France in the late sixteenth century was being destroyed from within by the internal wars between the Catholics and the Huguenots. The printing press was an active tool for fomenting hatred and kindling fears between the two religions, to the point where neighbor was killing neighbor in the name of saving their country.  Southern France was where the Huguenots were strongest, and Paris was the center of Catholic France. When Marguerite was brought by her mother to Nérac to secure the engagement to the King of Navarre, it was hoped the act would lessen the hostilities. But hatreds ran deep, and instead Marguerite became ensnared in the brutal politics of it all for the rest of her life.
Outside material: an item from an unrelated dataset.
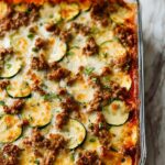 Grease a 9×13-inch casserole dish and arrange half of the zucchini slices in an even layer at the bottom. These vibrant zucchini slices will provide a tender, fresh base that soaks up the delicious beef sauce.

The writing of this novel was the result of a transformative period at an artists' retreat in Nérac, France, where I learned about Marguerite de Valois and her husband Henry, the King of Navarre. The couple was quite famous back in the 16th Century, Shakespeare was even inspired to write "Love's Labours Lost" about them, but somehow much of that has been lost to time.  Life got complicated for the couple after their politically orchestrated marriage. Henry fought in endless religious wars, bedded seemingly every woman he met, and finally became King of France. Marguerite's life took a different and, I would argue, more interesting path. This is her story, heavily researched and told in diary form in Marguerite's progressively less-and-less naive voice.